Trials (Impact Factor: 2.12). 02/2006; 7:11. DOI: 10.1186/1745-6215-7-11
Source: PubMed

ABSTRACT Background
Cardiovascular disease (including coronary heart disease and stroke) is a major cause of death and disability in the United Kingdom, and is to a large extent preventable, by lifestyle modification and drug therapy. The recent standardisation of electronic codes for cardiovascular risk variables through the United Kingdom's new General Practice contract provides an opportunity for the application of risk algorithms to identify high risk individuals.

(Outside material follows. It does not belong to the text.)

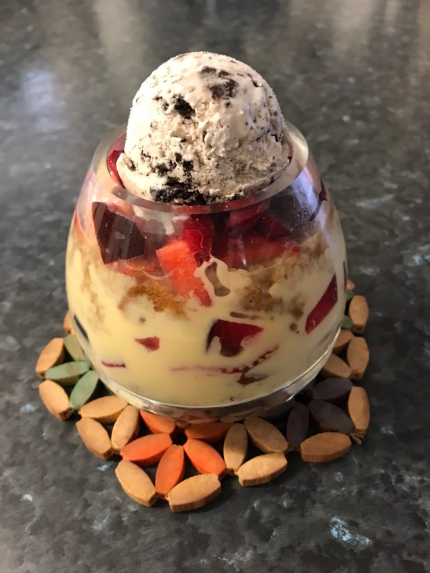 Followed by some strawberries and plums, then pour the custard on top. Repeat with another layer of cake, the fruits mixture with caramelised syrup on top. Then the remaining strawberries and plums. Refrigerate for about 30 minutes or 1 hour. Just before serving scoop a scoop of ice cream over the top. Serve immediately. Enjoy!!!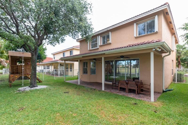 Blink and it will be gone! No other house in Weston on a golf course and lake views, 4 bedrooms, 3.5 bathrooms, over 2,500 sq.ft of living space for under $500,000. All bedrooms and three full bathrooms are located upstairs, plus a convenient loft and a Den/Office space. All entertaining areas downstairs, featuring an open floor plan with amazing golf course views As soon as you walk into the house. Fully renovated kitchen with S/S appliances. A/C replaced in 2016. Water heater just 5 months old. Large, fenced-in backyard and covered patio area. Convenient upstairs laundry room with newer high capacity washer and dryer. Accordion shutters upstairs, panel shutters downstairs. Very clean and well mantained. Access to the Bonaventure Town Center facilities. Very low HOA fees. Welcome home !

This randomised controlled trial will test the benefits of an automated system of alert messages and practice searches to identify those at highest risk of cardiovascular disease in primary care databases.

Patients over 50 years old in practice databases will be randomised to the intervention group that will receive the alert messages and searches, and a control group who will continue to receive usual care. In addition to those at high estimated risk, potentially high risk patients will be identified who have insufficient data to allow a risk estimate to be made. Further groups identified will be those with possible undiagnosed diabetes, based either on elevated past recorded blood glucose measurements, or an absence of recent blood glucose measurement in those with established cardiovascular disease.

Outcome measures
The intervention will be applied for two years, and outcome data will be collected for a further year. The primary outcome measure will be the annual rate of cardiovascular events in the intervention and control arms of the study. Secondary measures include the proportion of patients at high estimated cardiovascular risk, the proportion of patients with missing data for a risk estimate, and the proportion with undefined diabetes status at the end of the trial.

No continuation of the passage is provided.